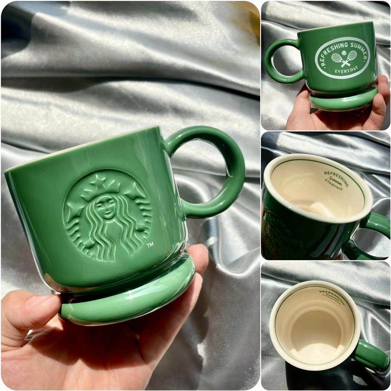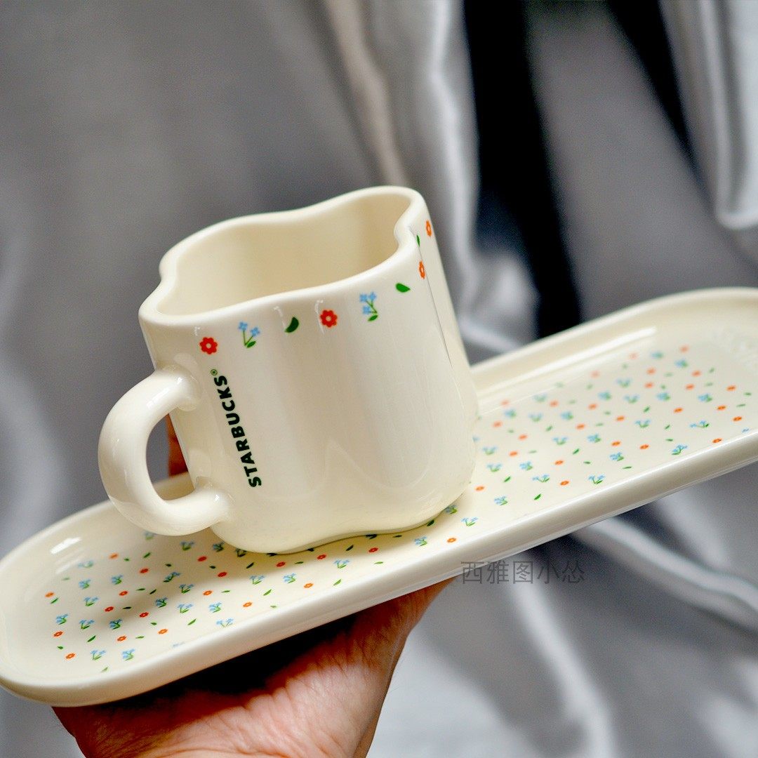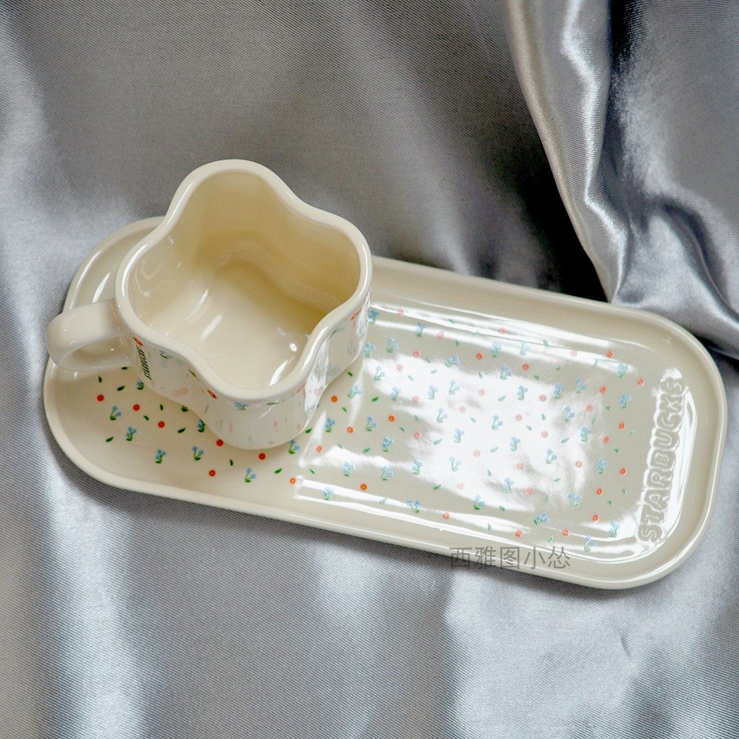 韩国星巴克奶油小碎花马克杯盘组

--

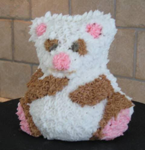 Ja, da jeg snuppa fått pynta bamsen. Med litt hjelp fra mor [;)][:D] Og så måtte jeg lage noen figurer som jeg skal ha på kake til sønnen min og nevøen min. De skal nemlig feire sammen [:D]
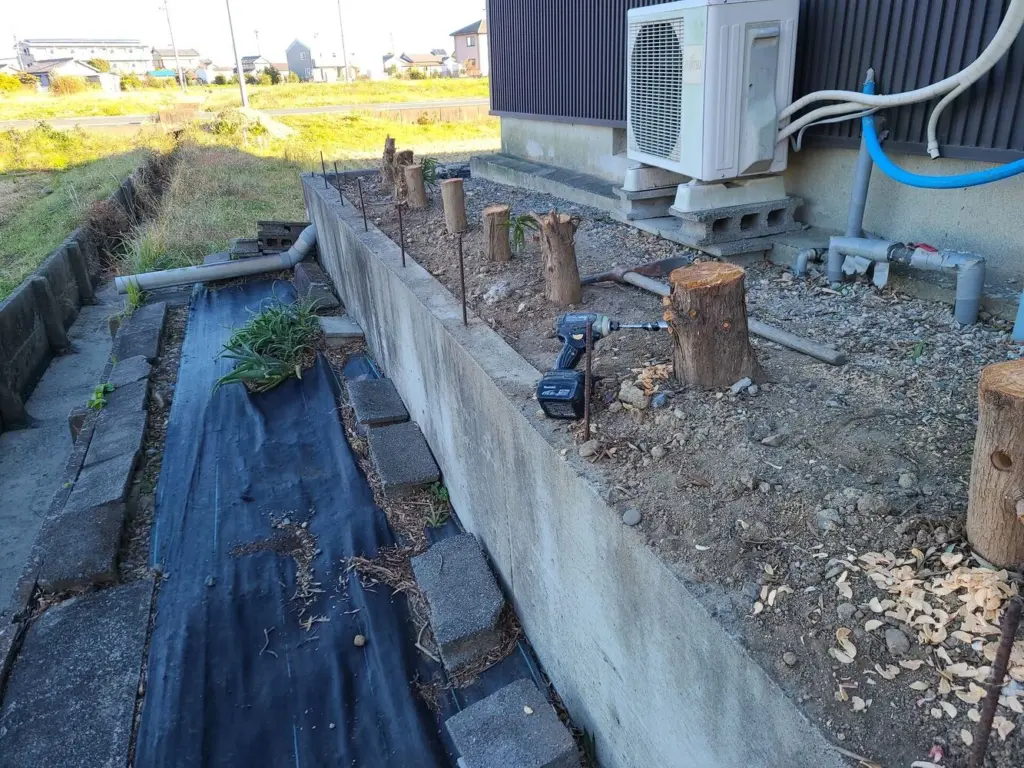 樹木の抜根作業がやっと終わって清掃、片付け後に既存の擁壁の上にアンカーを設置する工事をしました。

---

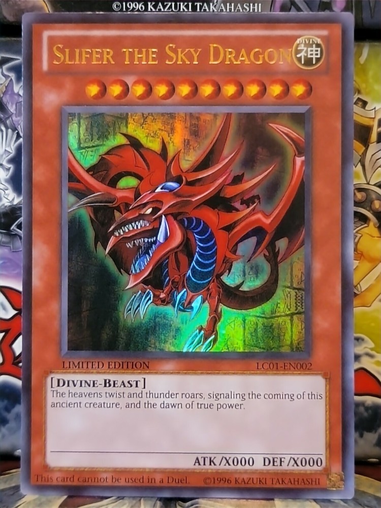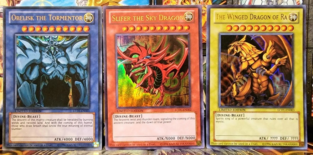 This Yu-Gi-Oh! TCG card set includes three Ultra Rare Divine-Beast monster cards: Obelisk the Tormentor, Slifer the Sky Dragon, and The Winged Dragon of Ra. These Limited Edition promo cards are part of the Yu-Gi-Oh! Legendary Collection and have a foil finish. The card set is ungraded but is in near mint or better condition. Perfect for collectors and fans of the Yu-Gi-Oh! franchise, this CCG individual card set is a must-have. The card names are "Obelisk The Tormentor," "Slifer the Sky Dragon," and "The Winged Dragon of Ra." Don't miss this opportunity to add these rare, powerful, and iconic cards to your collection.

▶ _Exercise instructions_: Starting at the line containing "Ja, da jeg snuppa" and finishing at the line containing "樹木の抜根作業がやっと終わっ", return those lines exactly as they appear above, without the pictures.

▶ _Response to this task_:
 Ja, da jeg snuppa fått pynta bamsen. Med litt hjelp fra mor [;)][:D] Og så måtte jeg lage noen figurer som jeg skal ha på kake til sønnen min og nevøen min. De skal nemlig feire sammen [:D]
 樹木の抜根作業がやっと終わって清掃、片付け後に既存の擁壁の上にアンカーを設置する工事をしました。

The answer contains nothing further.